===== Material shown
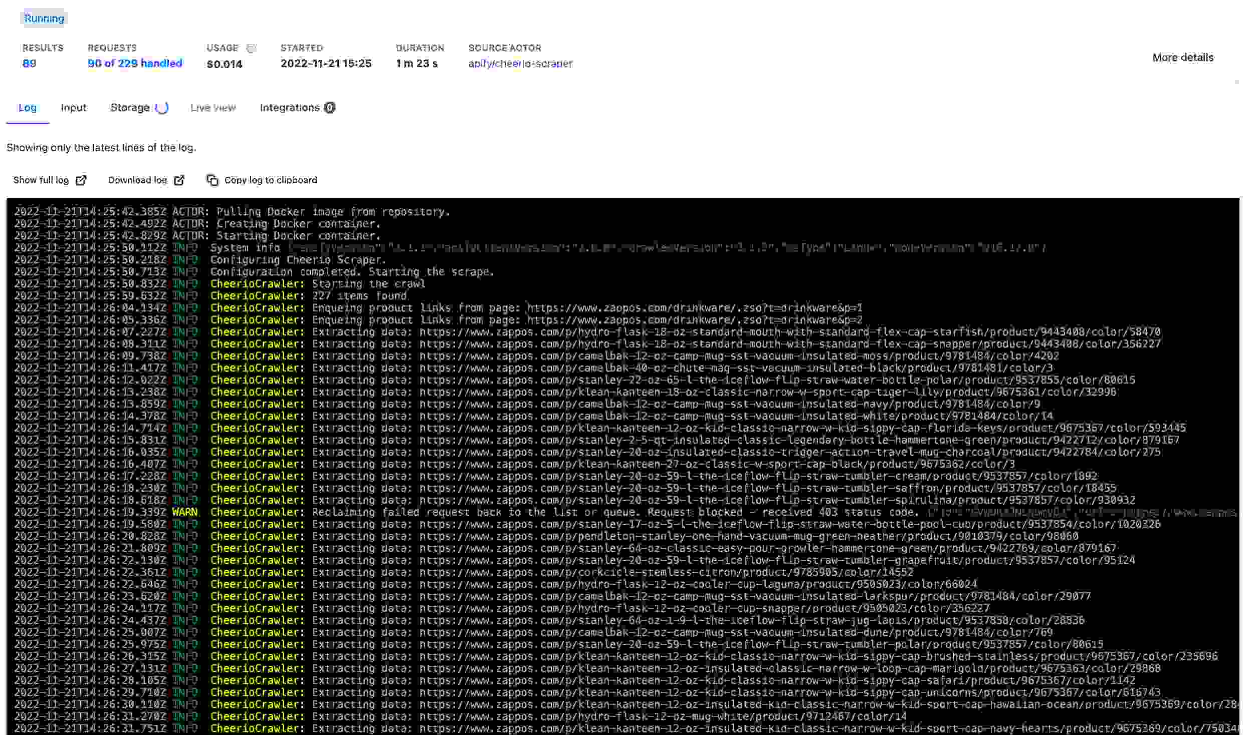 The run might take a few minutes, but thanks to the logs we added, we can follow the scraper’s activity by watching the Log tab.
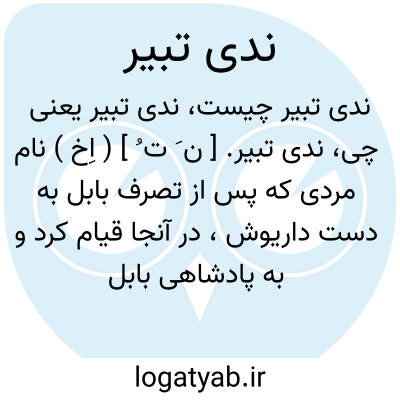 ندی تبیر. [ ن َ ت ُ ] ( اِخ ) نام مردی که پس از تصرف بابل به دست داریوش، در آنجا قیام کرد و به پادشاهی بابل رسید و سرانجام در جنگ با داریوش کشته شد. داریوش در بند 16 ستون اول کتیبه بیستون گوید: «بعد یک مرد بابلی، ندی تبیر ( این اسم را بعضی نی دین توبل خوانده اند ) پسر «آئی نیری » در بابل بر من خروج کرد و گفت: من بخت النصر پسر نبونیدم. تمام اهل بابل به طرف او رفته از من برگشتند. او سلطنت بابل را تصرف کرد». و در بند 18 همان ستون و همان کتیبه چنین است: «پس از آن من به طرف بابل رفتم به قصد ندی تبیر که خود را بخت النصر می نامید. قشون او در دجله بود، آن طرف دجله را نگاه میداشت و کشتی هائی داشت. من لشکر خود را دو قسمت کرده قسمتی را بر شترها و قسمتی را بر اسبها سوار کردم. اهورمزدامرا کمک کرد. به اراده اهورمزد از دجله گذشتم و بالشکر ندی تبیر جنگ کرده آن را شکست دادم، 26 ماه آئریادی بود که این جنگ روی داد». و در بند 19 گوید: «پس از آن من به طرف بابل رفتم. هنوز بدانجا نرسیده بودم که در محلی موسوم به زازانه در ساحل فرات ندی تبیر،که خود را بخت النصر می نامید با قشون خود به جنگ آمد. جنگ کردیم و اهورمزد یاری خود را به من اعطاء کرد.به اراده اهورمزد لشکری را که فرمانده آن ندی تبیر بود شکست فاحشی دادم. دشمن خود را در آب انداخت، آب آن را برد، روز دوم ماه انامک بود که این جنگ روی داد». و در بند اول ستون دوم گوید: «از آنجا ندی تبیر با کمی سوار، که نسبت به او باوفا بود به بابل رفت. فوراً بابل را محاصره کرده به اراده اهورمزد آن را تسخیر کردم و این ندی تبیر را گرفتم. پس از آن او را در بابل کشتم ». ( از تاریخ ایران باستان صص 539-540 ).
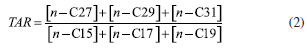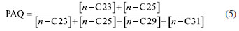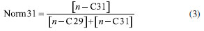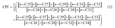 A análise do padrão de qualidade analítico adotado no presente trabalho foi realizada conforme proposto por Citac/Eurachem27. A cada 10 amostras, foi realizada a extração de uma amostra branco (Na2SO4 calcinado) para avaliar a presença de possíveis interferentes nas análises. As concentrações de todos os compostos estiveram menores que o LDM para as amostras branco analisadas. Para avaliar a repetibilidade e acurácia do método, devido à baixa massa das amostras coletadas no presente estudo, avaliou-se três amostras branco (sulfato de sódio calcinado) fortificadas com uma solução padrão (100 µL, 50 µg mL-1) contendo os n-alcanos de interesse. A recuperação dos compostos variou de 69 a 132% (Material Suplementar, Tabela 2S). O desvio padrão relativo das concentrações obtidas para as três amostras analisadas variou de 3,2 a 19% (Material Suplementar, Tabela 2S). Índices aplicados Baseando-se nas concentrações dos n-alcanos detectados, alguns índices foram aplicados para melhor entender a distribuição de M.O. para a região de estudo. O CPI (Índice Preferencial de Carbono) é uma relação entre as concentrações dos compostos com cadeias ímpares e pares de carbono e pode ser calculado através da seguinte equação:11,28 ![]() A TAR (Razão Terrígena-Aquática) verifica a importância de compostos de maiores massas moleculares sobre aqueles com menores massas moleculares, sendo calculada através da seguinte equação:29 ![]() O Norm31 avalia a relação entre as concentrações do n-C29 e n-C31, através da seguinte equação:30,31 ![]() O ACL23-33 (Tamanho Médio de Cadeia) descreve o número médio de carbono dos n-alcanos (com 23 a 33 átomos de carbono) presentes em uma região, podendo ser calculado através da seguinte equação:28 ![]() onde: Ci = n-alcanos com i números de carbono (i variando de 23 a 33). O PAQ (Índice de Produção Aquática) é utilizado para avaliar se a principal fonte de M.O. de uma região são as macrófitas emersas, flutuantes/submersas ou a vegetação superior, sendo calculado através da seguinte equação:12 ![]() Análise estatística O software BioEstat AnalysSoft, versão 6, foi utilizado na realização das correlações de Pearson feitas entre as variáveis analisadas (p < 0,05). O software Arcgis 10.1 (Envi, 2016) foi usado para confecção dos mapas.
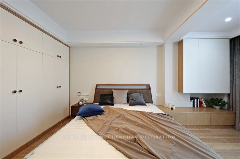 一體化的地臺床設(shè)計讓臥室看起來更寬敞,也更具整體性,它將床頭柜與床,甚至背景墻融為一體,降低居室的重心,將空間利用極致,帶給居住者滿滿的安全感。
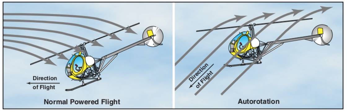 pendant l'autorotation, l'air monte dans le système de rotor par le bas lorsque
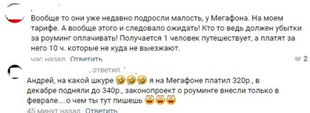 Примечательно, что подорожание услуг связи происходит на фоне общего падения доходов населения, поэтому повышение цен становится особенно заметным. Клиенты «МегаФона» раскритиковали последствия нововведения и уверяют, что стоимость услуг начала расти ещё до принятия законопроекта об отмене роуминга. Объявленные средние по стране цифры подорожания тарифов – около 3%, не сходятся с конкретными данными пользователей, у которых показатели выше.
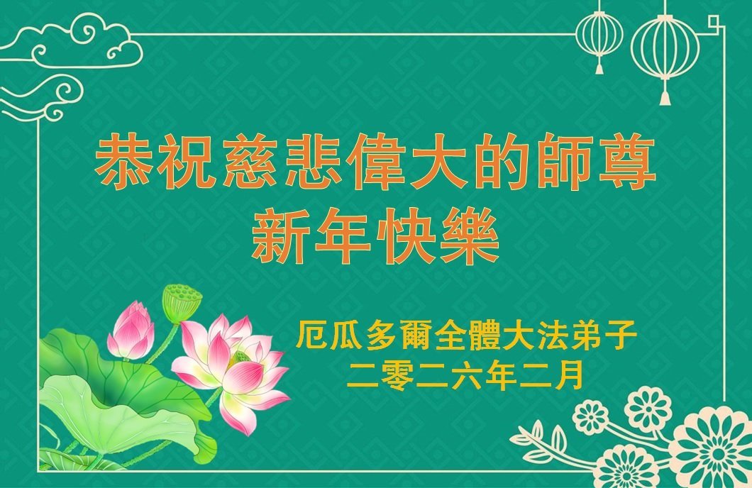 厄瓜多爾全體法輪功學員恭祝李大師新年好。(明慧網)
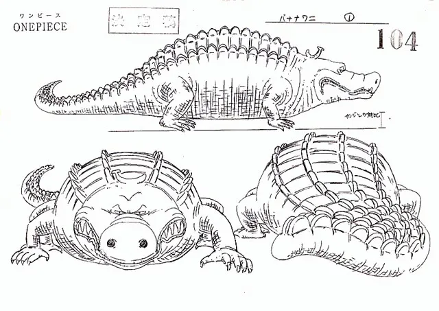 Top: Bananawani settei (reference sheet), Bottom: F-Wani settei (reference sheet)- the Bananawani, a crocodile with a banana shaped protrusion on top of its head. Or its speedy cousin, the F-wani.
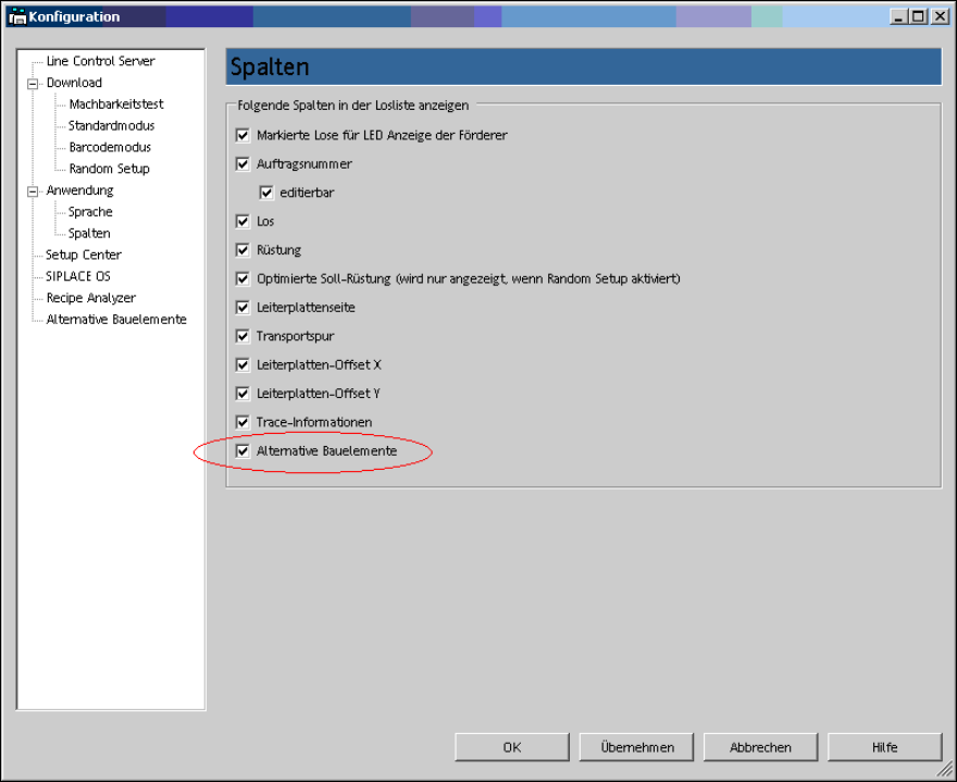 ► Markieren Sie die Check-Box Alternative Bauelemente, damit eine entsprechende Spalte in
==========
With all pictures excluded, output exactly the lines from the one containing "Top: Bananawani settei" through the final line of the entries, inclusive.

### Answer to this problem
 Top: Bananawani settei (reference sheet), Bottom: F-Wani settei (reference sheet)- the Bananawani, a crocodile with a banana shaped protrusion on top of its head. Or its speedy cousin, the F-wani.
 ► Markieren Sie die Check-Box Alternative Bauelemente, damit eine entsprechende Spalte in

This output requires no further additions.